TASK TO CARRY OUT:
Down to the last line, print the data that follows exactly, without its pictures.

━━━ TASK INPUTS

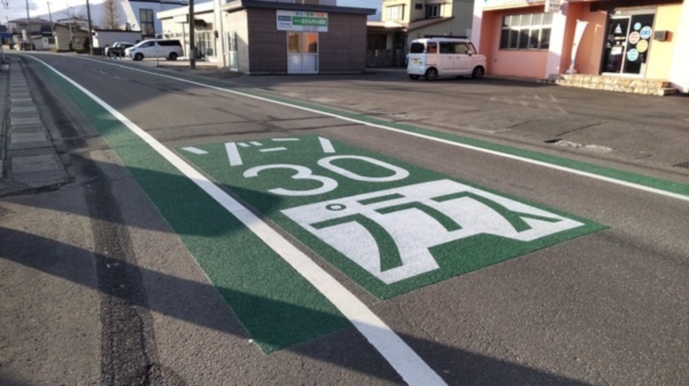 警察が実施する30km/hの速度規制と、むつ市が実施するスムーズ横断歩道およびゾーン30プラスの路面標示の設置が完了しました。
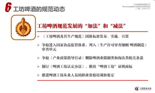 2017年7月份开始,中国酒业协会啤酒分会启动了《工坊啤酒及其生产规范》的起草工作,经过多次调研和讨论之后,征求意见稿就将在近期公布。为了考虑到中立的因素,酒协将精酿的说法变成了工坊,以区别于工厂啤酒。
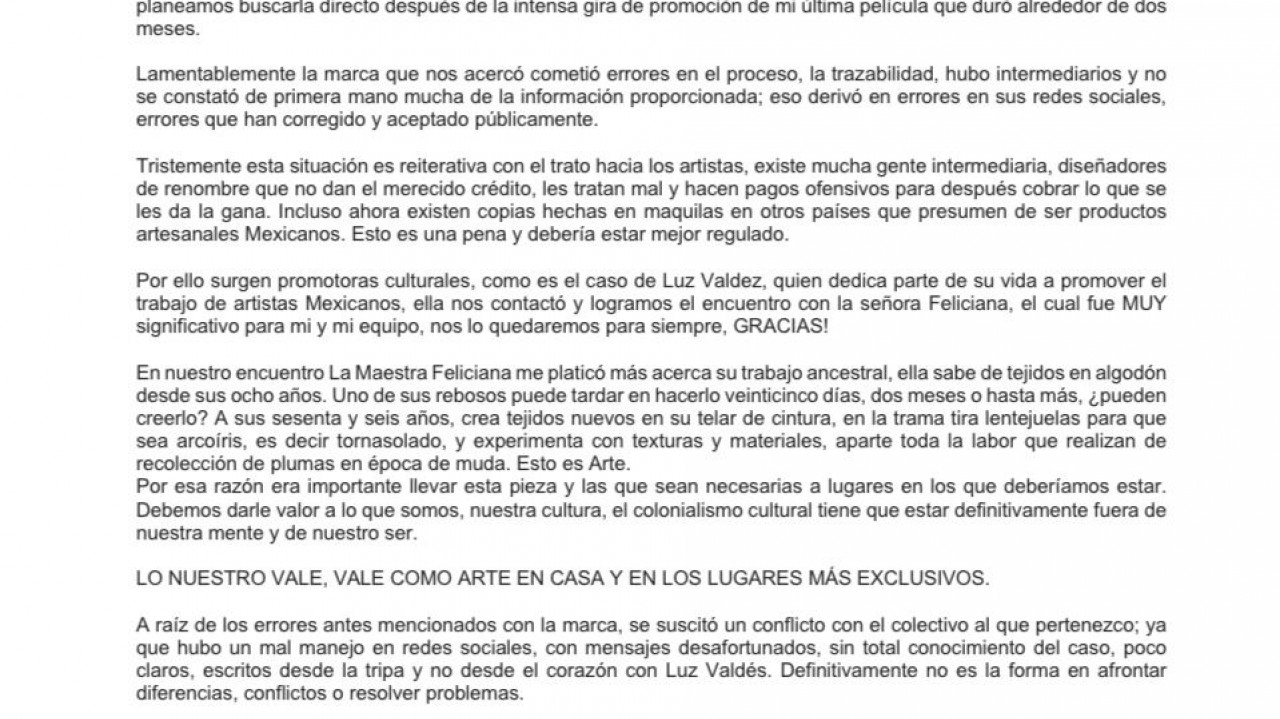 Asimismo, dijo que la artesana le pidió ayuda para que reconocieran su trabajo, a lo que Poder Prieto, el colectivo del que forma parte Huerta, señaló que no era cierto y que ellos se habían puesto en contacto directo con Hernández para que conociera al actor.
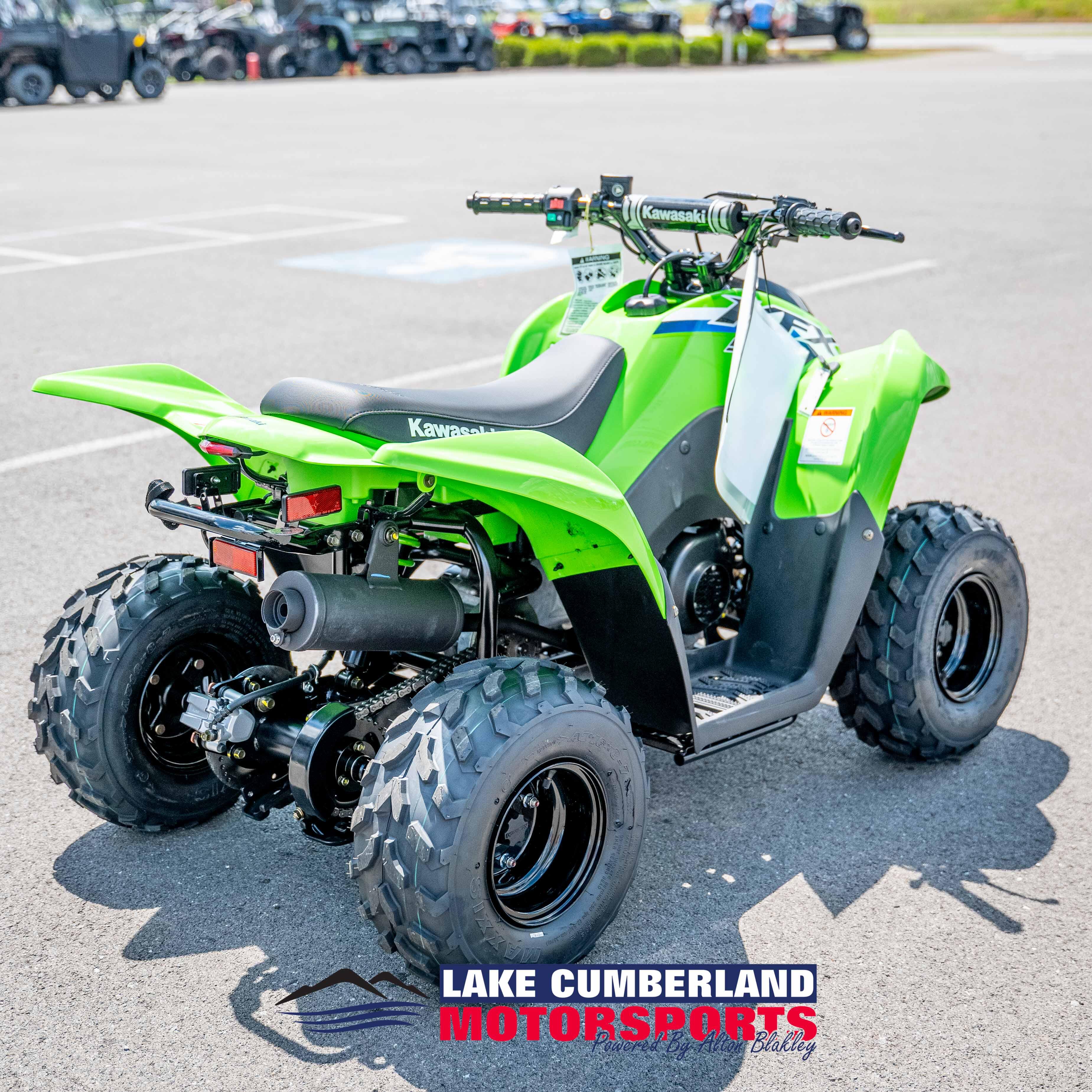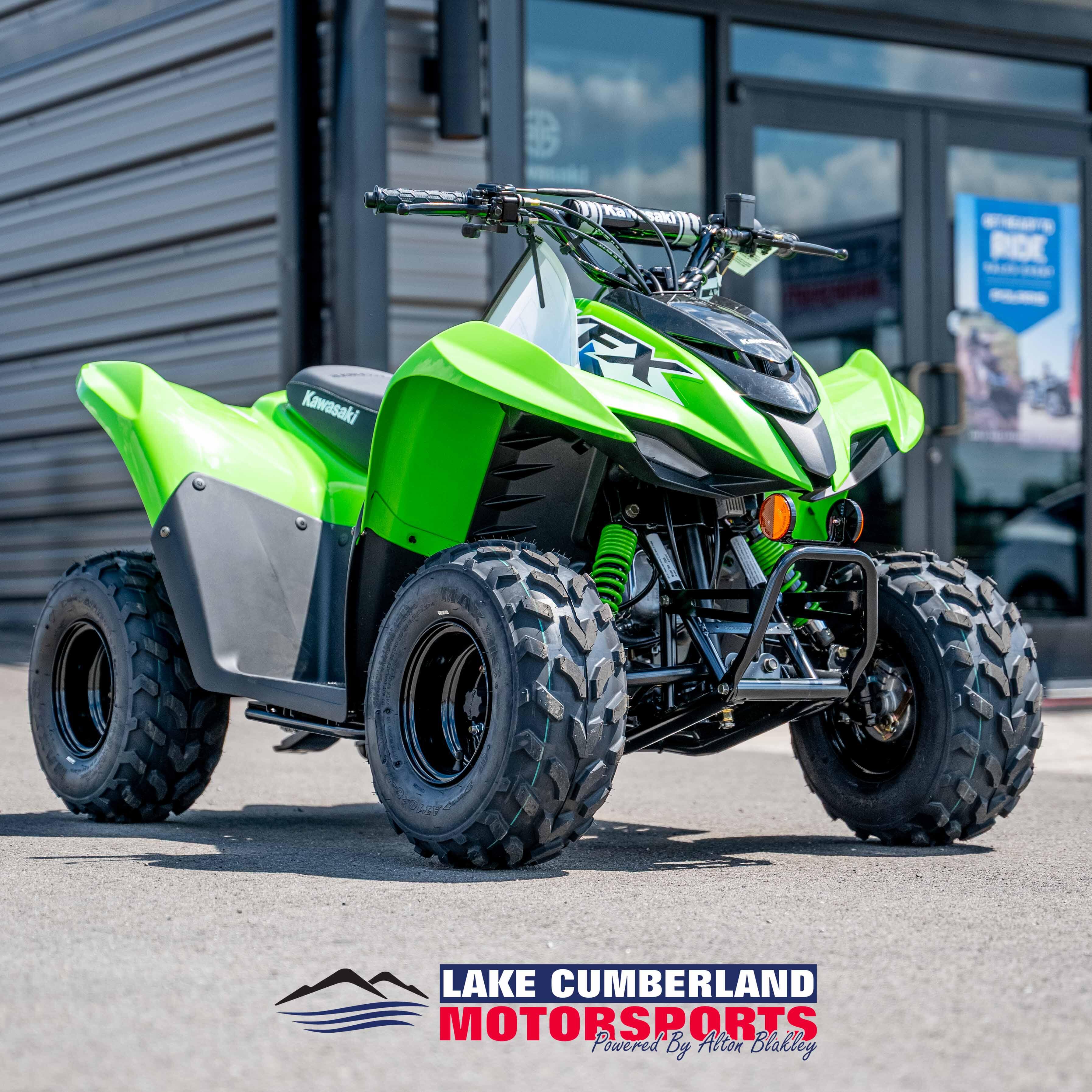 KAWASAKI CARES: Read Owner's Manual and all on-product warnings. Warning: ATVs can be hazardous to operate. For your safety: Always wear a helmet, eye protection, and protective clothing. Never carry a passenger. Never ride under the influence of drugs or alcohol. Never ride on public roads or pavement. Avoid excessive speeds and stunt driving. Be extra careful on difficult terrain. Kawasaki's KFX®50 is recommended for use only by persons 6 or older, and the KFX®90 is recommended for use only by persons 10 and older. All children under 16 riding ATVs should always have direct adult supervision. Kawasaki ATVs with engines over 90cc are recommended for use only by persons 16 years of age or older. Kawasaki also recommends that all ATV riders take a training course. For more information, see your dealer, call the ATV Safety Institute at 1-800-887-2887, or go to www.atvsafety.org. ©2026 Kawasaki Motors Corp., U.S.A.
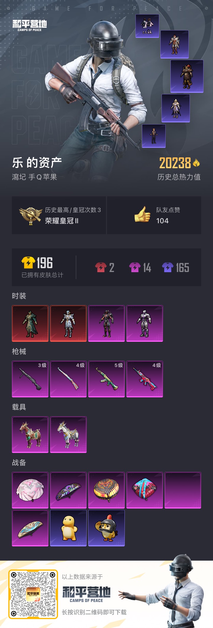 _2259144-2红装2载具2粉装4特效呛【2红装】青焰关公1级银呛赵云1级【2载具】照夜玉狮子赤兔【2粉装】熔岩统帅紫钛骑兵【4特效呛】akm-绿萝繁花5级kar98k-巳巳如意4级dp-28-豹影疾电3级scar-l-彩装战姬4级【3热门】深海小丑鱼破蛋小黄鸡m416-快乐主宰营地id:961846328
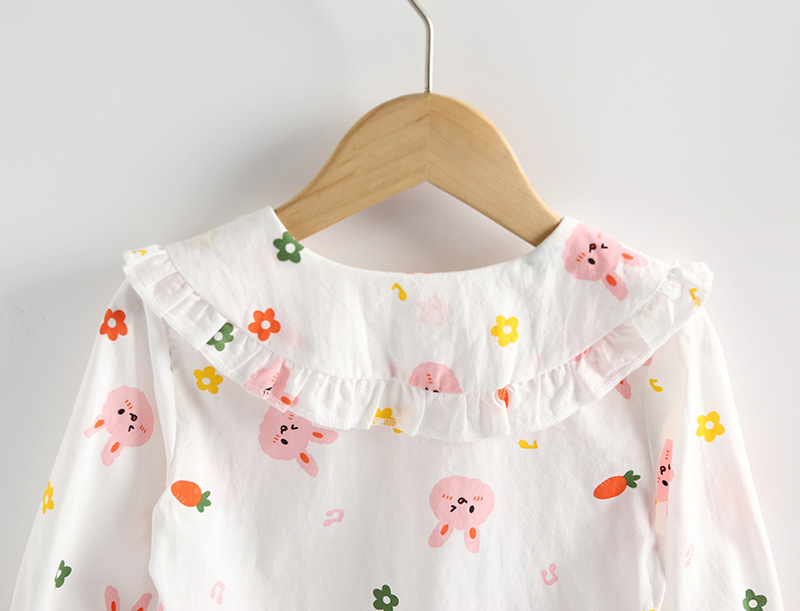2024 새로운 여자 셔츠 가을 세련된 작은 소녀 흰색 셔츠 긴 소매 아기 체리 셔츠 어린이 인형 셔츠스토어 가기
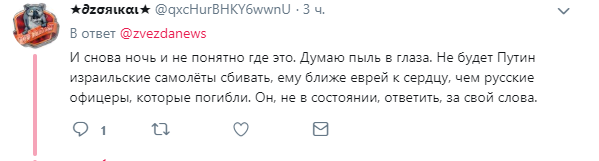 Ранее сирийские ВВС сбили российский военный самолет Ил-20, погибли более 20 членов экипажа. Москва обвинила в провокации израильские ВВС и пообещала усилить сирийскую ПВО более современными средствами защиты.
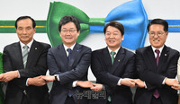 안철수 국민의당 대표와 유승민 바른정당 대표가 29일 오전 국회 의원회관에서 열린 통합추진위 제1차 확대회의에서 기념사진을 촬영하고 있다.
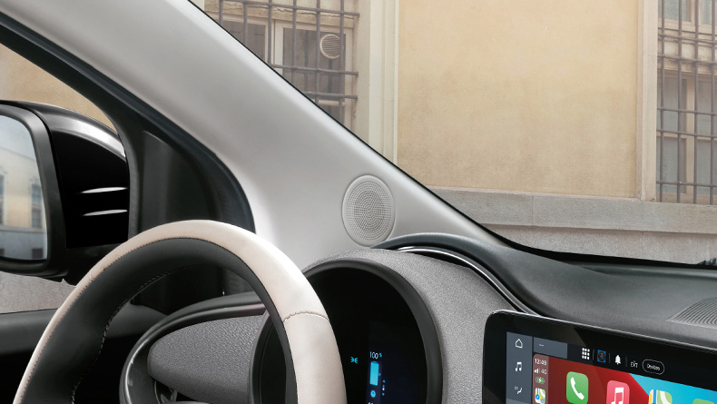 De Fiat 500e is compatibel met Apple CarPlay. Sluit je iPhone aan op het Uconnect™ 10,25-duims display en bedien Apple CarPlay draadloos met Siri-spraakbesturing of het aanraakscherm. Draadloos Apple CarPlay is de slimmere, veiligere manier om je iPhone in jouw wagen te gebruiken. Je kan routebeschrijvingen opvragen, bellen, berichten verzenden en ontvangen en naar Apple Music, audioboeken of podcasts luisteren terwijl jij je op de weg blijft concentreren.
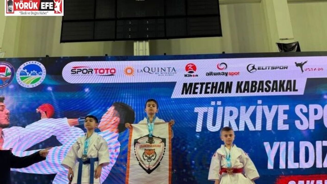 Nazilli Zafer İlkokulu 3. sınıf öğrencisi Eralp Umut Çuval Sakarya’da düzenlenen Türkiye Karate Yıldızlar Ligi müsabakalarında kendi kategorisinde gösterdiği üstün performansla Türkiye birincisi oldu. Rakiplerini geride bırakarak altın madalyaya uzanan minik sporcu, büyük bir başarıya imza attı. Aydın İl Milli Eğitim Müdürlüğü tarafından yapılan paylaşımda, Türkiye şampiyonu olarak Aydın’ın gururu olan Eralp Umut Çuval, ailesi ve emeği geçen öğretmenler tebrik edilirken öğrencinin başarılarının artarak devam etmesi temenni edildi.
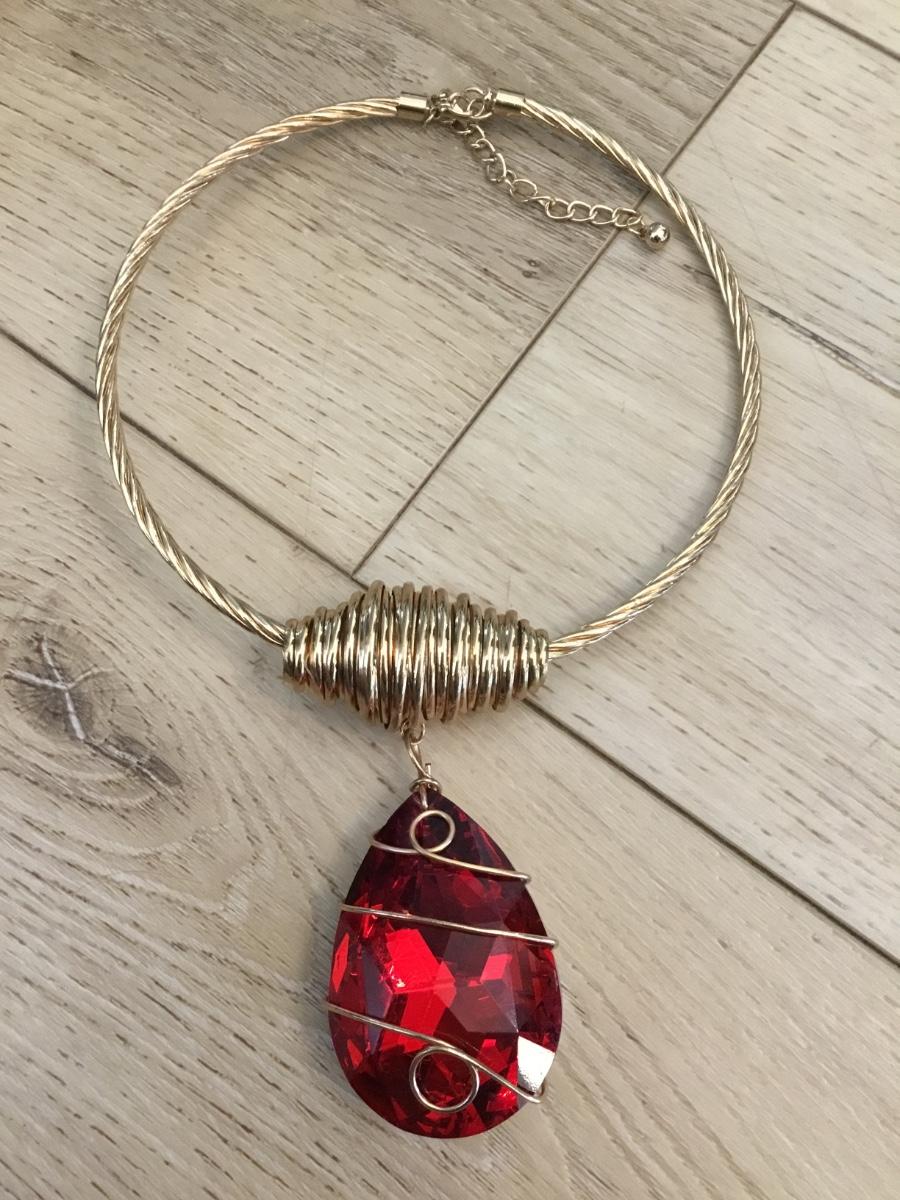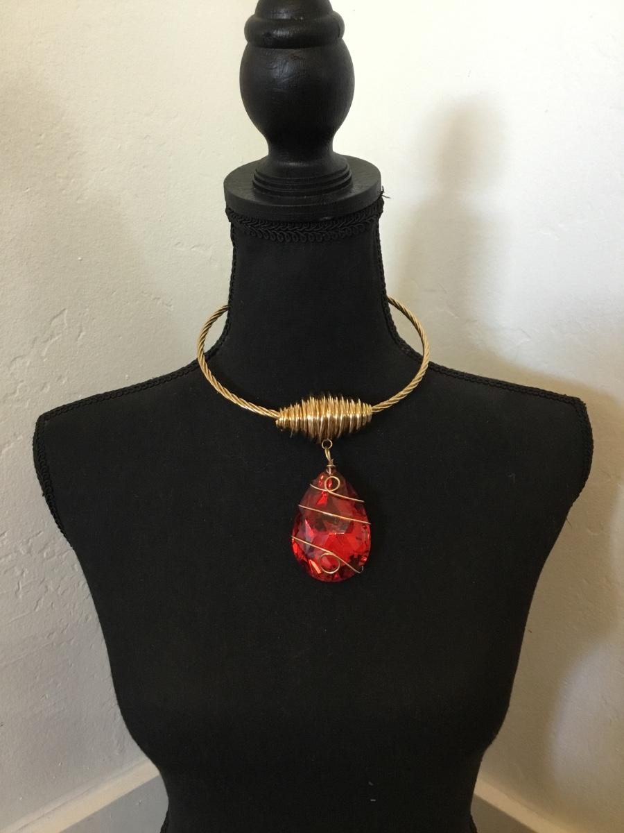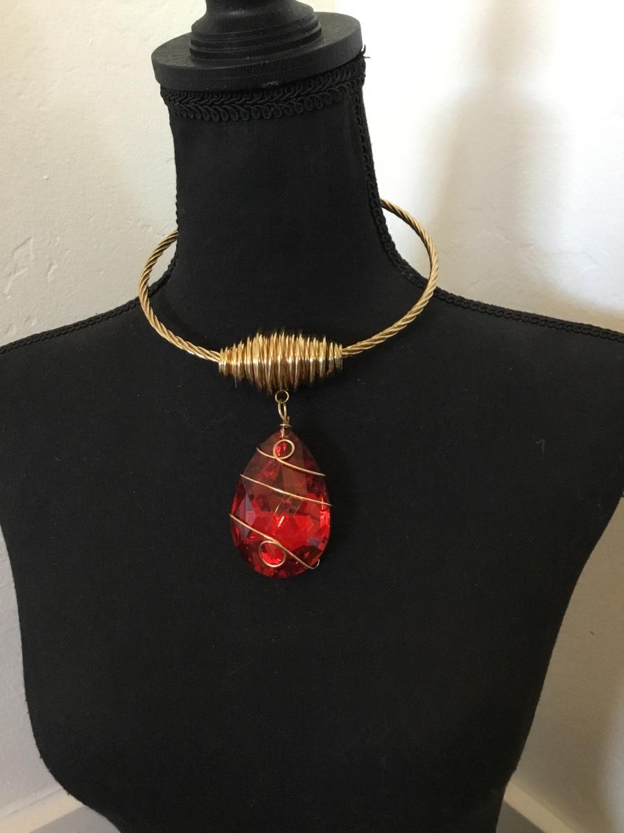 Beautiful, gold, toned wire, wrap, color statement, necklace, chunky red, crystal pendant

━━━━━━

EXPECTED ANSWER:
 警察が実施する30km/hの速度規制と、むつ市が実施するスムーズ横断歩道およびゾーン30プラスの路面標示の設置が完了しました。
 2017年7月份开始,中国酒业协会啤酒分会启动了《工坊啤酒及其生产规范》的起草工作,经过多次调研和讨论之后,征求意见稿就将在近期公布。为了考虑到中立的因素,酒协将精酿的说法变成了工坊,以区别于工厂啤酒。
 Asimismo, dijo que la artesana le pidió ayuda para que reconocieran su trabajo, a lo que Poder Prieto, el colectivo del que forma parte Huerta, señaló que no era cierto y que ellos se habían puesto en contacto directo con Hernández para que conociera al actor.
 KAWASAKI CARES: Read Owner's Manual and all on-product warnings. Warning: ATVs can be hazardous to operate. For your safety: Always wear a helmet, eye protection, and protective clothing. Never carry a passenger. Never ride under the influence of drugs or alcohol. Never ride on public roads or pavement. Avoid excessive speeds and stunt driving. Be extra careful on difficult terrain. Kawasaki's KFX®50 is recommended for use only by persons 6 or older, and the KFX®90 is recommended for use only by persons 10 and older. All children under 16 riding ATVs should always have direct adult supervision. Kawasaki ATVs with engines over 90cc are recommended for use only by persons 16 years of age or older. Kawasaki also recommends that all ATV riders take a training course. For more information, see your dealer, call the ATV Safety Institute at 1-800-887-2887, or go to www.atvsafety.org. ©2026 Kawasaki Motors Corp., U.S.A.
 _2259144-2红装2载具2粉装4特效呛【2红装】青焰关公1级银呛赵云1级【2载具】照夜玉狮子赤兔【2粉装】熔岩统帅紫钛骑兵【4特效呛】akm-绿萝繁花5级kar98k-巳巳如意4级dp-28-豹影疾电3级scar-l-彩装战姬4级【3热门】深海小丑鱼破蛋小黄鸡m416-快乐主宰营地id:961846328
2024 새로운 여자 셔츠 가을 세련된 작은 소녀 흰색 셔츠 긴 소매 아기 체리 셔츠 어린이 인형 셔츠스토어 가기
 Ранее сирийские ВВС сбили российский военный самолет Ил-20, погибли более 20 членов экипажа. Москва обвинила в провокации израильские ВВС и пообещала усилить сирийскую ПВО более современными средствами защиты.
 안철수 국민의당 대표와 유승민 바른정당 대표가 29일 오전 국회 의원회관에서 열린 통합추진위 제1차 확대회의에서 기념사진을 촬영하고 있다.
 De Fiat 500e is compatibel met Apple CarPlay. Sluit je iPhone aan op het Uconnect™ 10,25-duims display en bedien Apple CarPlay draadloos met Siri-spraakbesturing of het aanraakscherm. Draadloos Apple CarPlay is de slimmere, veiligere manier om je iPhone in jouw wagen te gebruiken. Je kan routebeschrijvingen opvragen, bellen, berichten verzenden en ontvangen en naar Apple Music, audioboeken of podcasts luisteren terwijl jij je op de weg blijft concentreren.
 Nazilli Zafer İlkokulu 3. sınıf öğrencisi Eralp Umut Çuval Sakarya’da düzenlenen Türkiye Karate Yıldızlar Ligi müsabakalarında kendi kategorisinde gösterdiği üstün performansla Türkiye birincisi oldu. Rakiplerini geride bırakarak altın madalyaya uzanan minik sporcu, büyük bir başarıya imza attı. Aydın İl Milli Eğitim Müdürlüğü tarafından yapılan paylaşımda, Türkiye şampiyonu olarak Aydın’ın gururu olan Eralp Umut Çuval, ailesi ve emeği geçen öğretmenler tebrik edilirken öğrencinin başarılarının artarak devam etmesi temenni edildi.
 Beautiful, gold, toned wire, wrap, color statement, necklace, chunky red, crystal pendant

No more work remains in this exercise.